In March 2003, The Hobbit was the last place murdered student Hannah Foster was seen alive. 

The Hobbit used to be known for cocktails and shots named after characters from Tolkien's novels The Hobbit and The Lord of the Rings'', but were issued a cease and desist letter from Middle-earth Enterprises in July 2020.

Ownership and management
The pub is one of several in Southampton to be owned by Punch Taverns. It was operated by landlord Steve Dockrell prior to his death in October 2008, and was taken over by Stella Roberts in June 2009. In the 2010s, the Hobbit's business began to suffer because of increasing costs, and that since the rise in tuition fees students have been spending much less at the venue. In September 2019, Jack Andrews took over as landlord.  

On 13 March 2012, it was reported that Middle-earth Enterprises, a division of the Saul Zaentz Company (SZC) which oversees copyright issues surrounding Tolkien's works on Middle earth, had accused the pub of copyright infringement over the use of the Hobbit name. The move was strongly criticised by actors Stephen Fry and Ian McKellen, both of whom were to appear in the Hobbit film series, and by John Denham, Member of Parliament for Southampton Itchen. A Facebook campaign to save The Hobbit was launched, and by 16 March 2012 had gained over 50,000 followers. On the same date SZC offered to resolve the dispute by allowing the pub to use the name for a licence fee. Fry and McKellen later offered to contribute to the payment of the licence fee. 

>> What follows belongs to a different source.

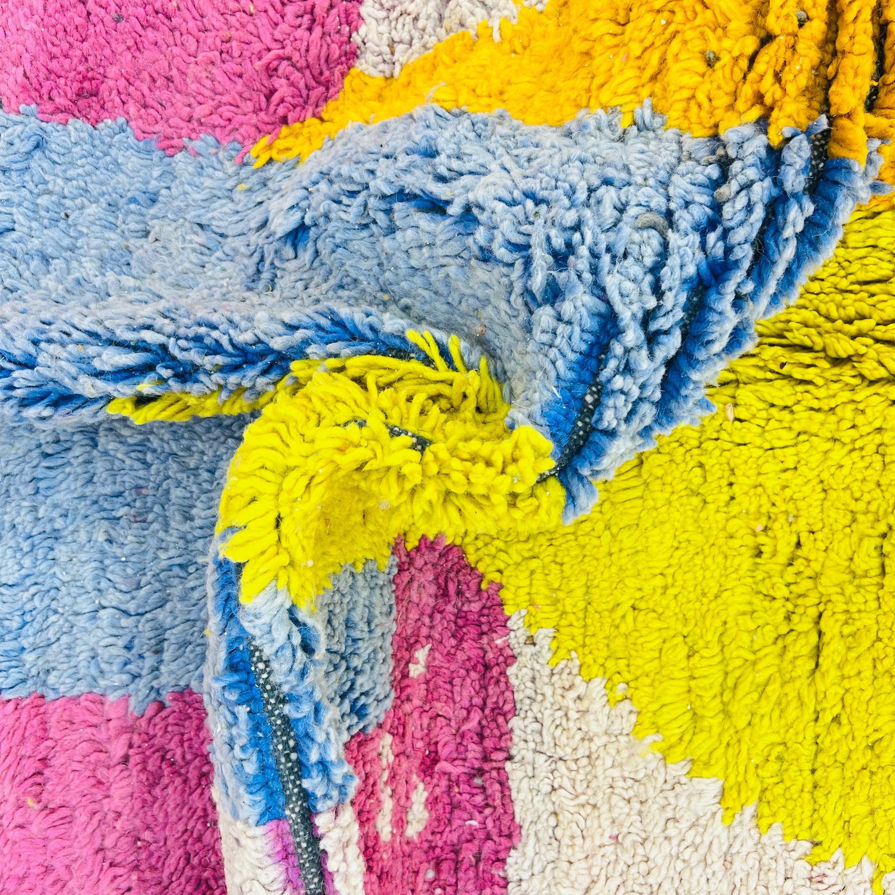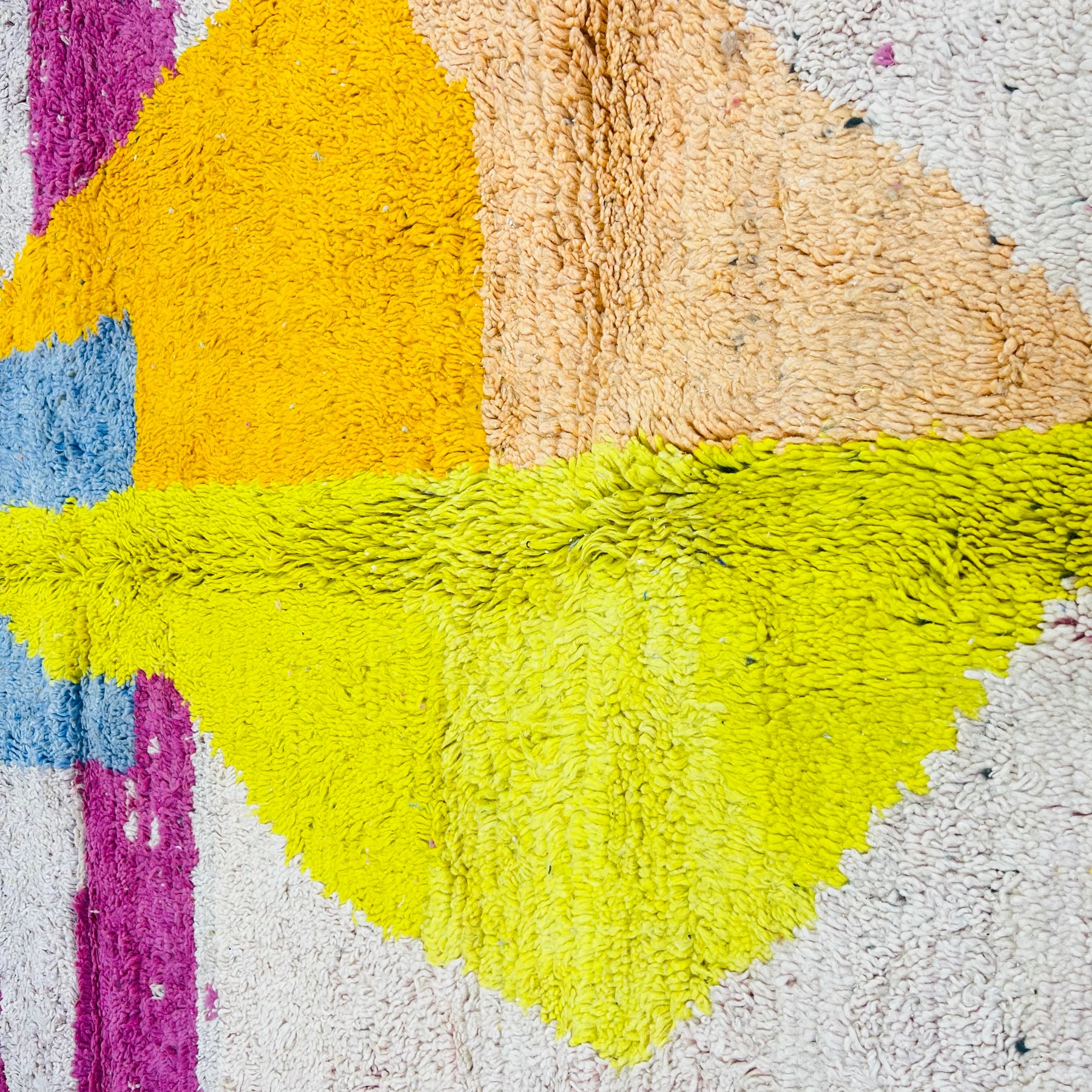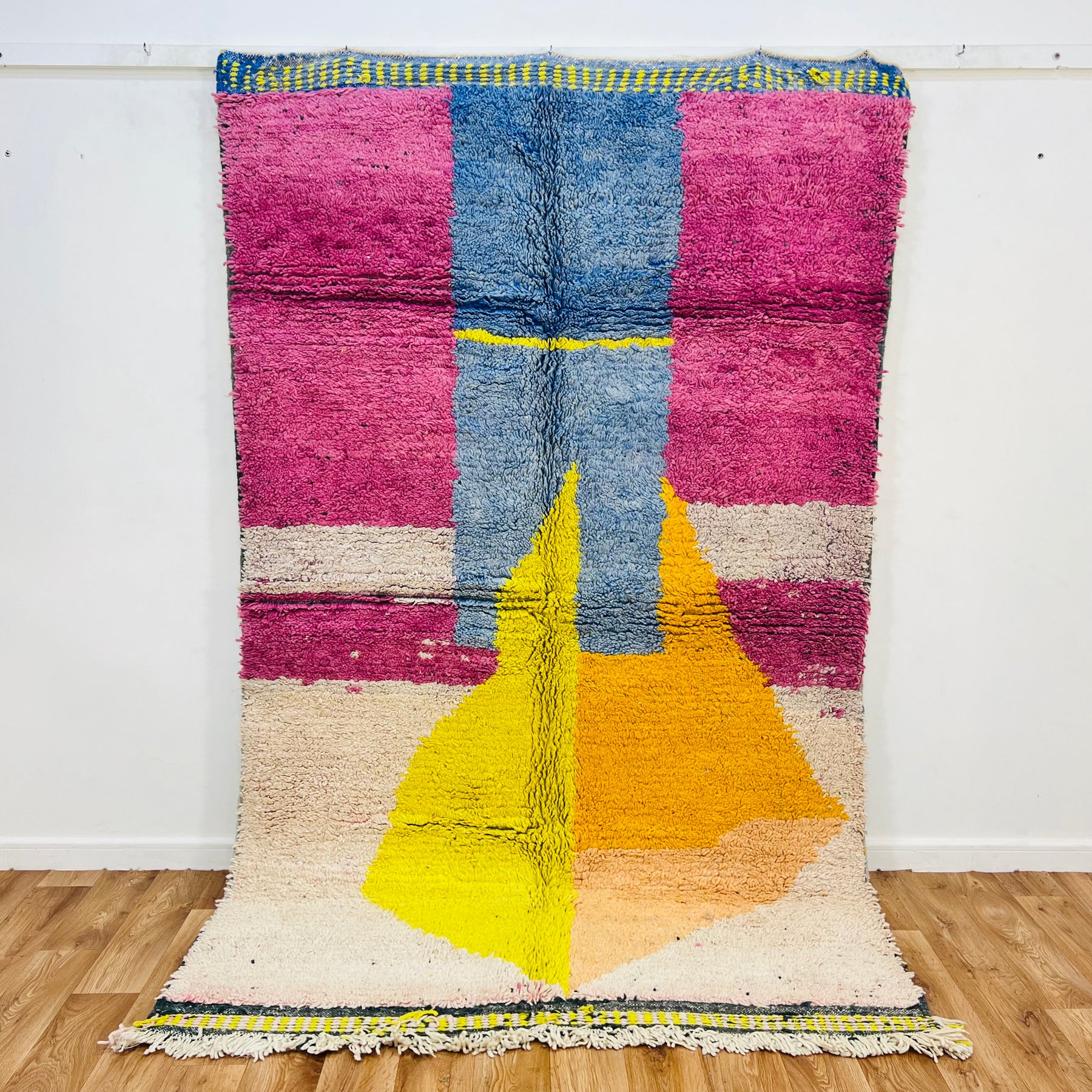 Bold, modern, and deeply rooted in tradition — this vintage Moroccan wool rug (Rug 595) features a striking abstract design in pink, blue, yellow, orange, and cream. The powerful geometric shapes evoke symbols of protection and connection from Berber heritage, now interpreted in a vibrant, contemporary palette.

Despite the apparent resolution, legal disputes surrounding the issue continued into August 2012, when an event was held at the pub to raise money to pay for its lawyers to continue negotiations. In 2017, Roberts reported that the pub may have to close owing to increasing rates for commercial premises in Southampton. A crowdfunding appeal was set up to raise appropriate funds.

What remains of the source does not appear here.